In some embodiments, the processor 620 may perform analysis calculations on the multiple modality images of the target object 100 to obtain an index result of the evaluation index. The index result may be a specific value of the evaluation index, or may be a classification result obtained based on the specific value.
For example, for an index result of image integrity, the processor 620 may detect a necessary pixel corresponding to an object region (such as a face region or a facial feature) in a visible light image or a near infrared image, calculate a ratio between the necessary pixel and a preset complete pixel, and use the ratio as an index result of image integrity (such as face integrity), where the preset complete pixel may be a pixel corresponding to an image with an image integrity of 100%. Alternatively, the processor 620 may compare the ratio to a preset integrity threshold, the result of the comparison being that the image is complete or incomplete, and the processor 620 may treat the image as an indicator of the integrity of the image.

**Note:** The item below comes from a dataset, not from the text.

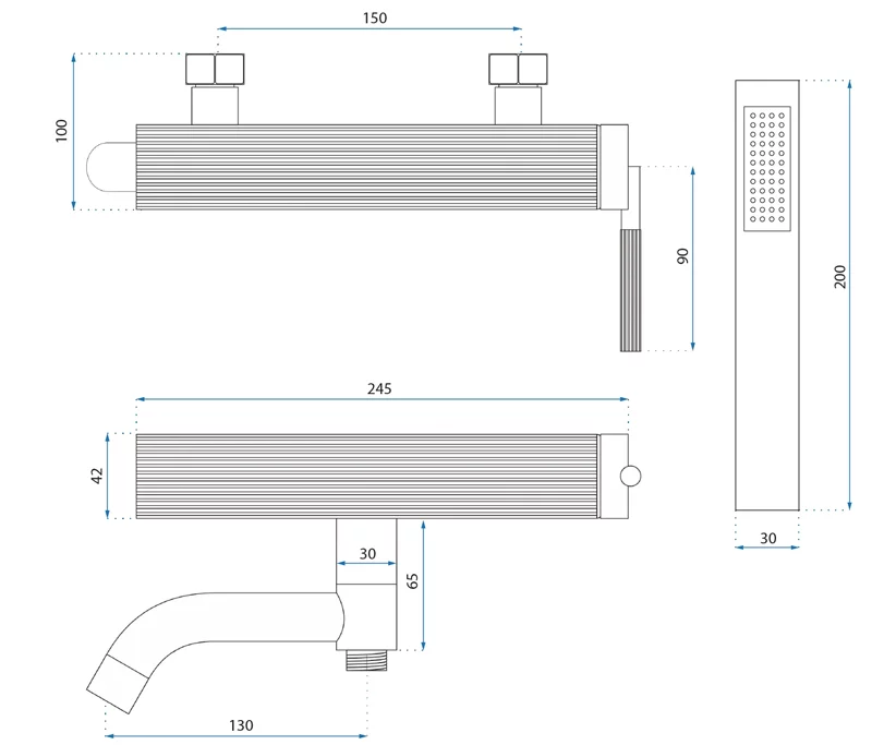 ручной душ, шланг, держатель для лейки |

For the index result of image quality, the processor 620 may calculate the gray value of the pixel in the visible light image or the near infrared image, and further calculate the sharpness value of the visible light image or the near infrared image; the image angle of the visible light image or the near infrared image may be calculated, a result of the combination of the sharpness value and the image angle may be determined, and the result of the combination may be used as an index result of the image quality of the visible light image or the near infrared image. Alternatively, the processor 620 may compare the integrated result with a preset quality threshold, where the compared result is, for example, good or poor image quality, and the processor 620 may use the good or poor image quality as an indicator of the image quality.

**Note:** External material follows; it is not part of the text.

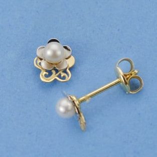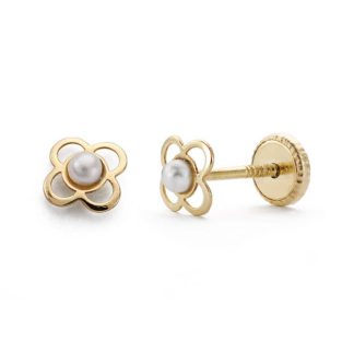 18K PENDIENTES ORO AMARILLO NIÑA FLOR PERLITA ROSCA

For the index result of the image exposure, the processor 620 may acquire an average brightness of the corresponding first object region of the target object 100 in the visible light image or the near infrared image, and take the average brightness as the result of the image exposure. Alternatively, the processor 620 may compare the average brightness with a preset exposure range. When the average brightness is within the preset exposure range, the image exposure is normal, and when the average brightness is not within the preset exposure range, the image exposure is abnormal. Processor 620 may treat the image exposure normal or the image exposure abnormal as an index result of the image exposure.
For the index result of the duty ratio of the point cloud data, the processor 620 may obtain the number of point cloud data in the depth image, calculate a ratio of the number of point cloud data in the depth image to the number of preset point cloud data, and use the ratio as the duty ratio result of the point cloud data in the depth image. Alternatively, the processor 620 may compare the ratio to a preset ratio, and when the ratio is greater than the preset ratio, the point cloud data is high, and when the ratio is less than the preset ratio, the point cloud data is low. The processor 620 may take the high or low duty cycle of the point cloud data as an index result of the duty cycle of the point cloud data.

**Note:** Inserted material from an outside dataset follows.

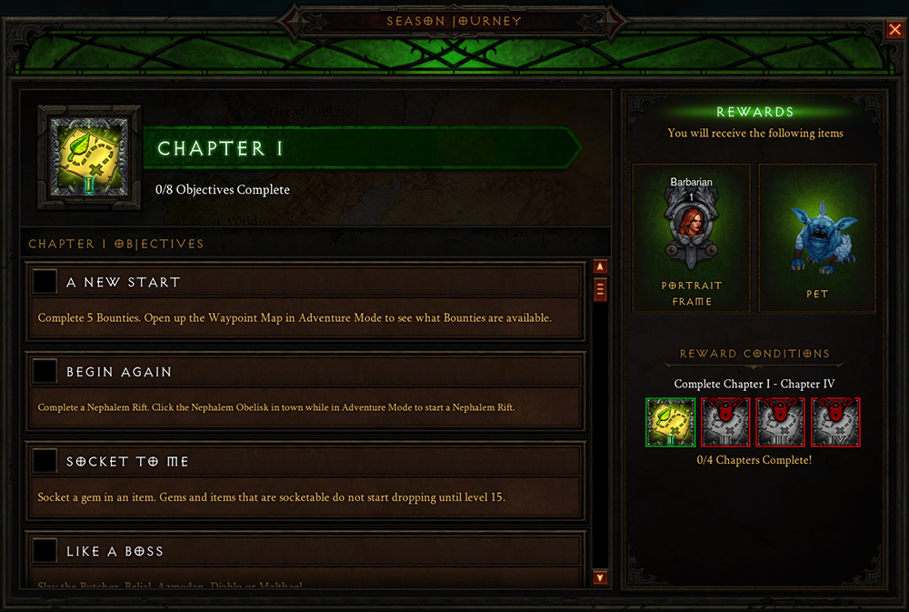 这个补丁也包含了意欲提高冒险模式速度同时鼓励玩家在多个章节中探索赏金任务的改动。在移除试练秘境之外,我们通过给赫拉迪姆宝箱添加了新的章 节专属制造材料。在冒险模式下完成全章赏金任务现在也会奖励更多的赫拉迪姆宝箱物品,包括制造材料,金币,和额外的章节专属制造材料。

For an index result of whether the depth reference position data is missing, the processor 620 may detect the data of the depth reference position in the depth image, the index result being 0 when the data of the depth reference position is not detected, and the index result being 1 when the data of the depth reference position is detected. Alternatively, the index result is missing when no data of the depth reference position is detected, and the index result is not missing when data of the depth reference position is detected.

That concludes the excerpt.